§ Collected material
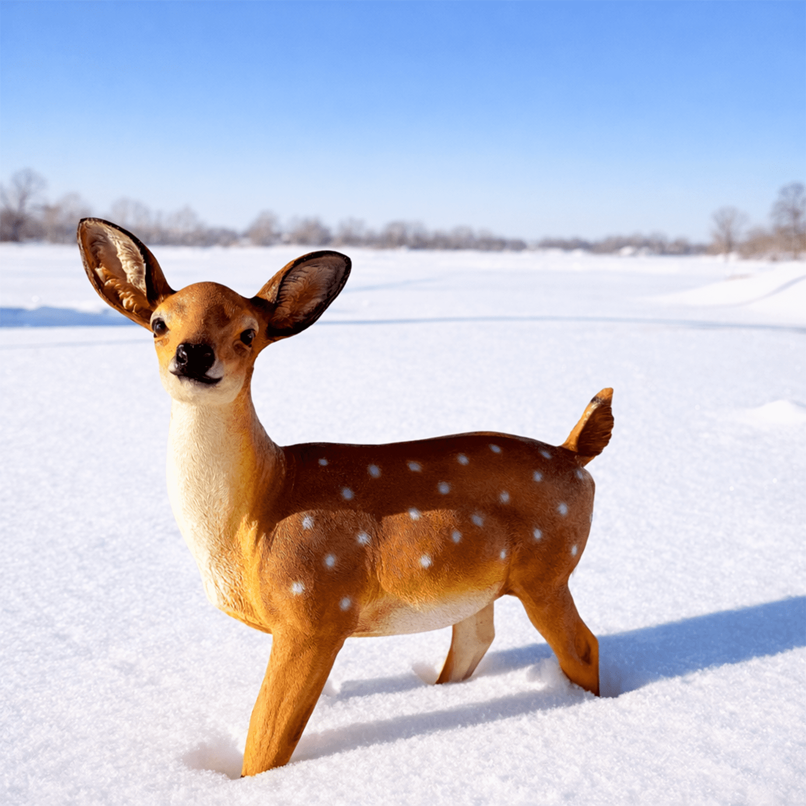Puikiai tinka ne tik kraštovaizdžio dizainui, bet ir sezoniniam ar šventiniam dekorui – ypač žiemos ir Kalėdų laikotarpiu, kai stirniukas sukuria jaukią ir šventišką atmosferą.
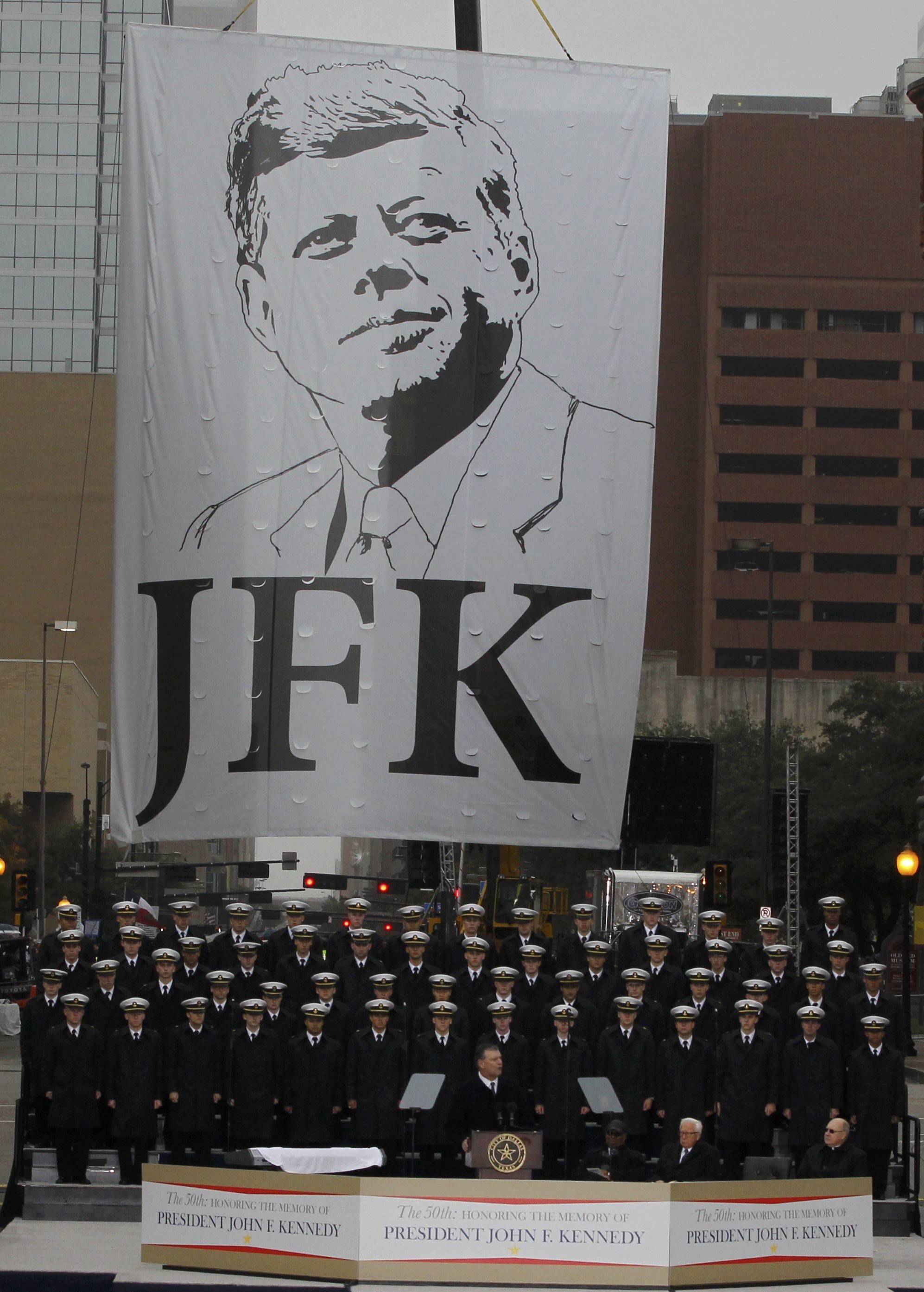 2013年11月22日,在美国达拉斯,美国海军军官学校男子合唱团参加肯尼迪遇刺50周年纪念活动。新华社/美联肯尼迪家族强烈反对 艺术演出接连取消
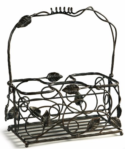 - Vine-motif drink or kitchen utensil caddy is made from powder coated metal with antiqued bronze finish
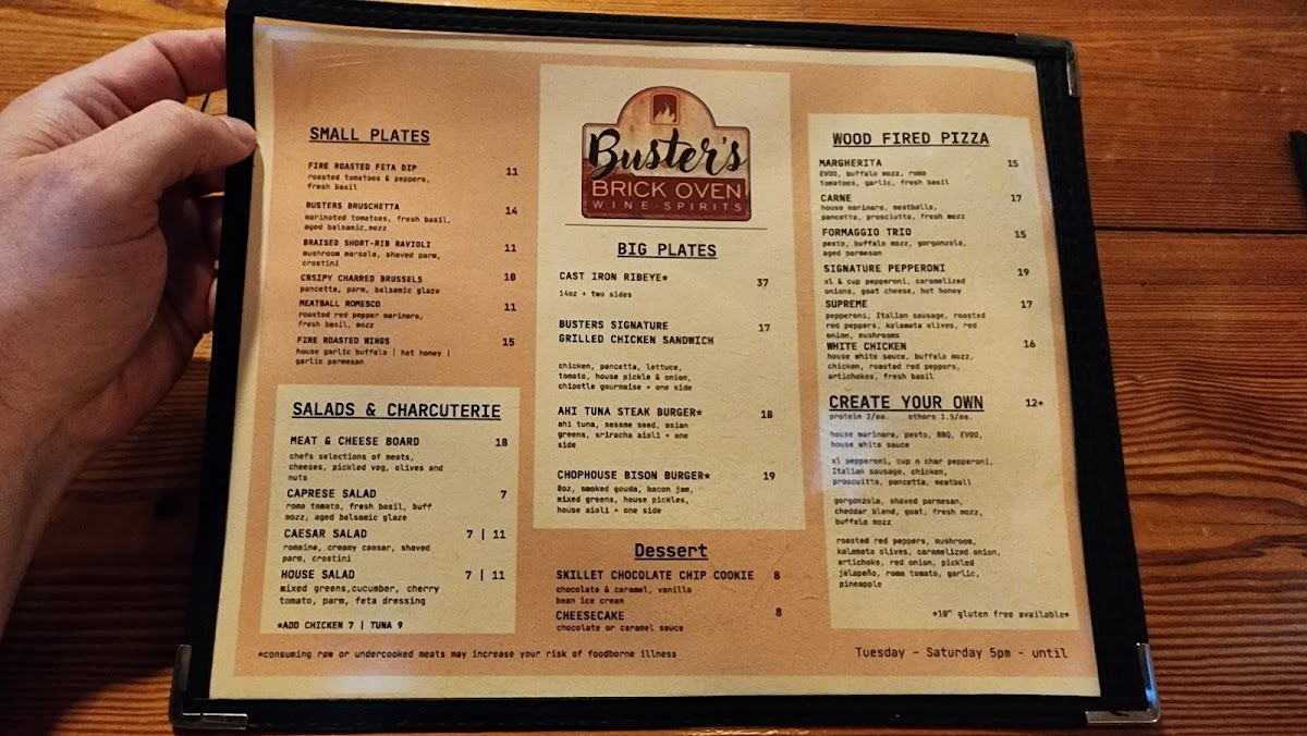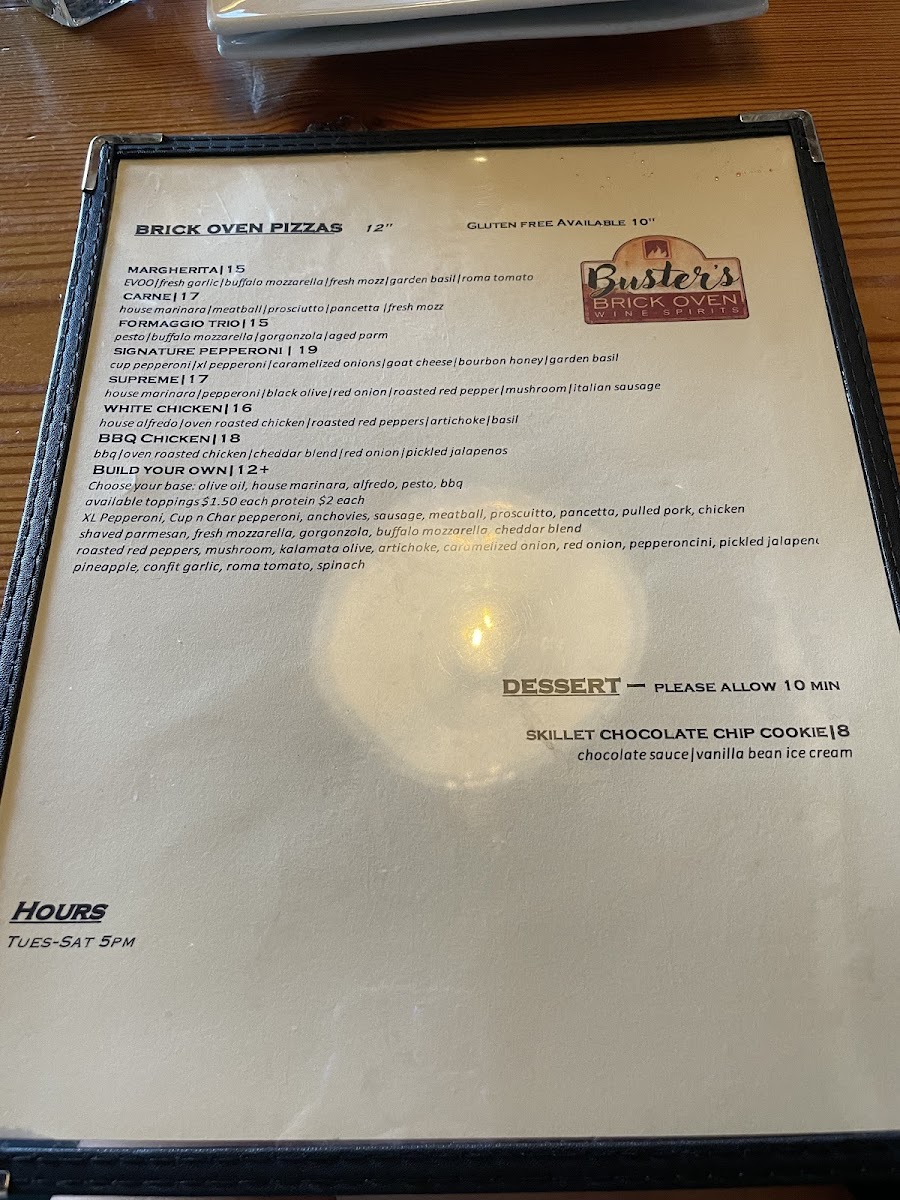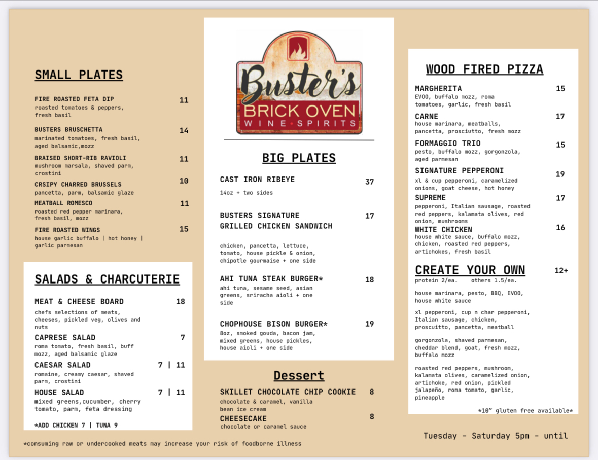 Buster's Brick Oven is a charming pizza restaurant located at 1715 Main St #4495, Daphne, AL. Known for its wood-fired pizzas, the menu features standout creations like the Signature Pepperoni XL and the savory White Chicken House. The mix of quality ingredients, including caramelized onions and buffalo mozzarella, elevates every bite. Beyond pizza, the menu offers big plates like Seared Tuna and a Chophouse Bison Burger, highlighting their culinary diversity.

§ Try it
Copy every line above exactly; images stay out.

§ Result of this exercise
Puikiai tinka ne tik kraštovaizdžio dizainui, bet ir sezoniniam ar šventiniam dekorui – ypač žiemos ir Kalėdų laikotarpiu, kai stirniukas sukuria jaukią ir šventišką atmosferą.
 2013年11月22日,在美国达拉斯,美国海军军官学校男子合唱团参加肯尼迪遇刺50周年纪念活动。新华社/美联肯尼迪家族强烈反对 艺术演出接连取消
 - Vine-motif drink or kitchen utensil caddy is made from powder coated metal with antiqued bronze finish
 Buster's Brick Oven is a charming pizza restaurant located at 1715 Main St #4495, Daphne, AL. Known for its wood-fired pizzas, the menu features standout creations like the Signature Pepperoni XL and the savory White Chicken House. The mix of quality ingredients, including caramelized onions and buffalo mozzarella, elevates every bite. Beyond pizza, the menu offers big plates like Seared Tuna and a Chophouse Bison Burger, highlighting their culinary diversity.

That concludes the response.